Hollywood kicks off its shoes

Posted: January 14, 2014

WATCHING THE Golden Globes to see who won is like reading Playboy for the articles. You can do it if you want, but you're probably missing the point.

We watch, if we watch, for the party, for the spectacle of famous people, some of whom haven't eaten in a day or two, becoming gradually more inebriated and saying and doing unexpected things. Or for the moment when the wrong thing comes up on the teleprompter and presenters have to scramble.

And, of course, last night for Amy Poehler and Upper Darby's Tina Fey, who hosted the show for the second year and acquitted themselves with loopy aplomb, like the cool designated drivers for all of Hollywood.

"Everybody keep drinking, it'll be over soon," ordered presenter Sean Combs, less than an hour into the three-hour show.

The awards, whose winners are chosen by a small, eccentric group that, frankly, gets it right (and wrong) about as often as the supposedly more qualified Emmy and Oscar voters do, may be mostly an excuse for Hollywood's best, brightest and most ebullient to party, but it doesn't mean the evening didn't produce genuine winners:

First bleep of the evening: To an emotional and borderline incoherent Jacqueline Bisset, whose win for Starz' "Dancing on the Edge" - predictable only by those who realize that the Hollywood Foreign Press Association members are suckers for an accent - eventually led her to step in a word that's a no-no on NBC.

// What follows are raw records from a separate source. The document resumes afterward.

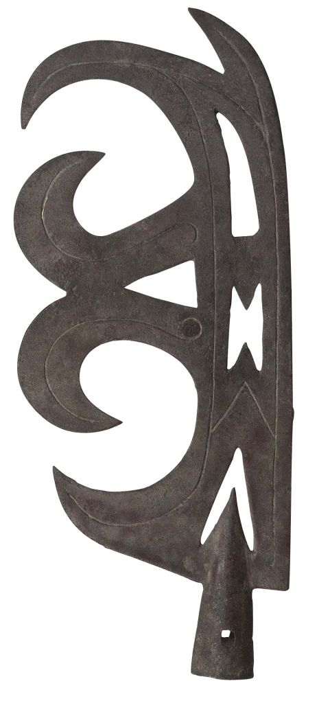 青銅武器、工具的製造和使用遠遠早於鐵製品,由於這種材料適合頻繁和長期地使用,以此製造的武器與工具在青銅時代是最常見的器具。青銅很容易成型,硬度高,可以磨出銳利的刃。長期以來,戰爭的勝敗在很大程度上取決於一支軍隊所擁有的青銅武器的數量,然而,實用性並非青銅武器製作時唯一考慮因素:青銅武器常常呈現出壯觀的形式,很多時候成為顯示其所有者身分地位的象徵物。第九展間展示的是與觸覺有關的青銅武器,以大方桌獨立展示一件中國西周的儀式用武器,以呼應第一展間的設計。這件造型類似戟的武器非常罕見,就筆者所知僅共有兩件存世,另一件現存紐約大都會博物館,應該與這件同屬一對。
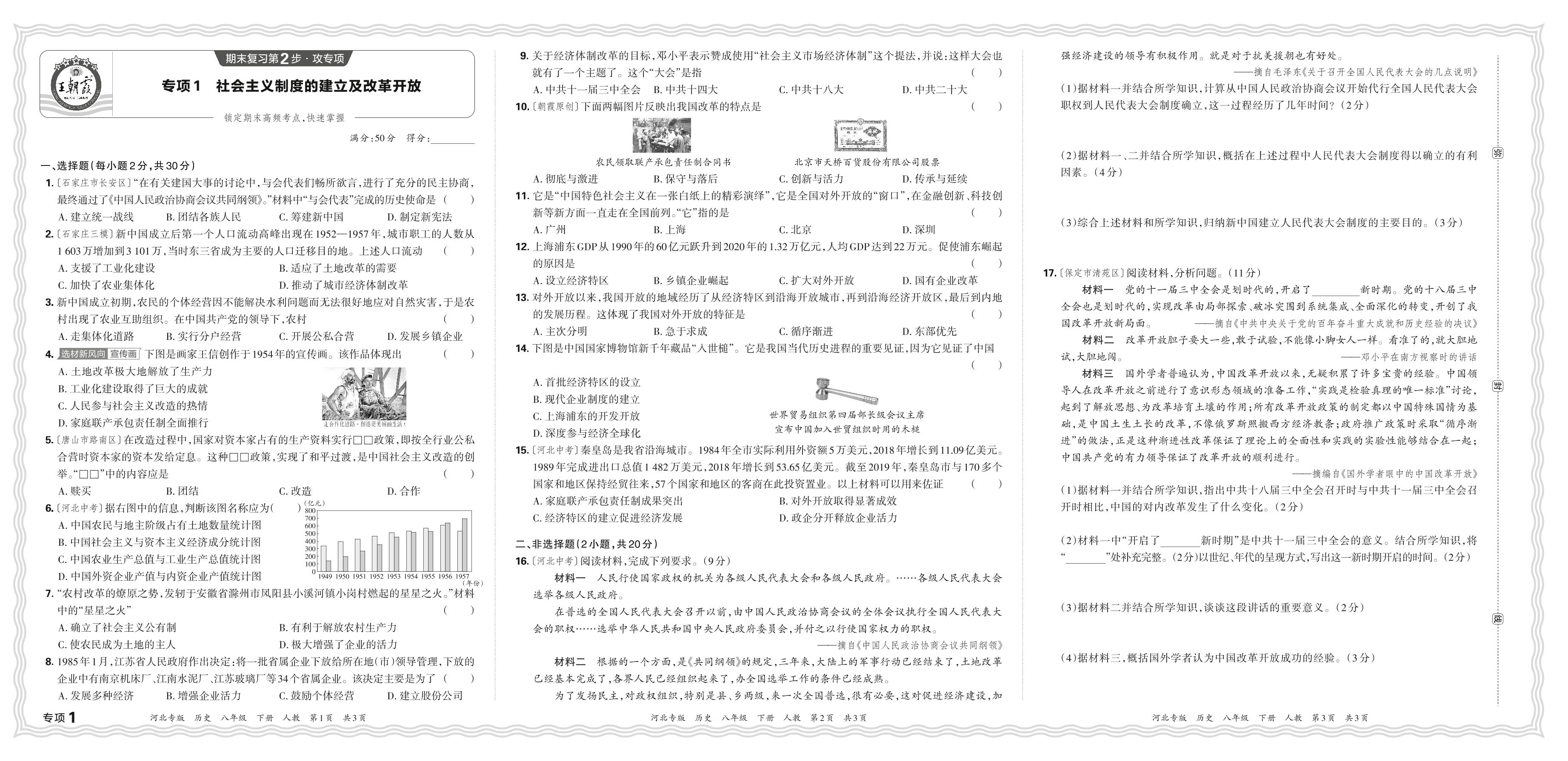 2024春下册八年级历史人教版 期末专项卷河北版·社会主义制度的建立及改革开放【1】
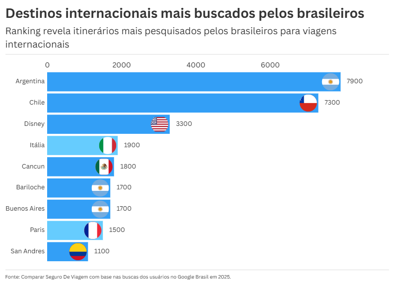 Diante deste cenário, a plataforma especializada em cotações de seguro-viagem Comparar Seguro de Viagem estudou o mercado para analisar quais são os países mais pesquisados pelos brasileiros quando pretendem viajar. Com base no volume de buscas feitas neste ano no Google, os dois destinos mais buscados foram Argentina e Chile.

Biggest booster of lip-reading education: Diane Keaton, whose own very long bleep - during an otherwise lovely tribute to Woody Allen - left viewers asking, "What?"

Best obligatory shot at that handsome punching bag, George Clooney: To Fey, who described the movie "Gravity" as "the story of how George Clooney would rather float away in space and die rather than spend one more minute with a woman his own age."

Best shot at the Hollywood Foreign Press Association: To Poehler, whose deadpan, "Thank you for your integrity," was a gentle but pointed reminder that the ethics of the group's members have occasionally been questioned (although never their ability to throw a party).

Second-best shot: To Robin Wright ("House of Cards") who, in thanking the HFPA in her acceptance speech, added, "You guys are a gaggle of characters, I've gotta say."

The Jennifer Lawrence award: To Jennifer Lawrence ("American Hustle"), just for being Jennifer Lawrence and for her usual artless acceptance speech, this one ending: "Don't ever do this again. I'm so scared."

Best use of expensive footwear by a presenter: To Emma Thompson, who strode out onto the stage barefoot. "I just want you to know that this red - it's my blood," said a barefoot Thompson, holding up scarlet-soled Christian Louboutins that I have a feeling she's probably going to have to pay for now (if she hadn't already).

Best use of Bono by a Golden Globes winner: Poehler, seen in the audience receiving a massage from the U2 singer when her name was called as a winner for "Parks and Recreation," engaged in a serious (OK, maybe not so serious) lip-lock with him before racing to the stage. No wonder she seemed excited. "I never win, so I can't believe I won," she burbled happily at one point.

Funniest speech that could have used captioning: By "Gravity" director Alfonso Cuaron, who made fun of his very thick accent in his acceptance, demonstrating that he once made it sound as if he were telling star Sandra Bullock he'd give her "herpes" when he meant he'd give her "an earpiece." Or at least I think that's what he said.

Most explicit introductory imagery: To Fey, who intoned, "Like a supermodel's vagina, let's all give a warm welcome to [presenter] Leonardo DiCaprio."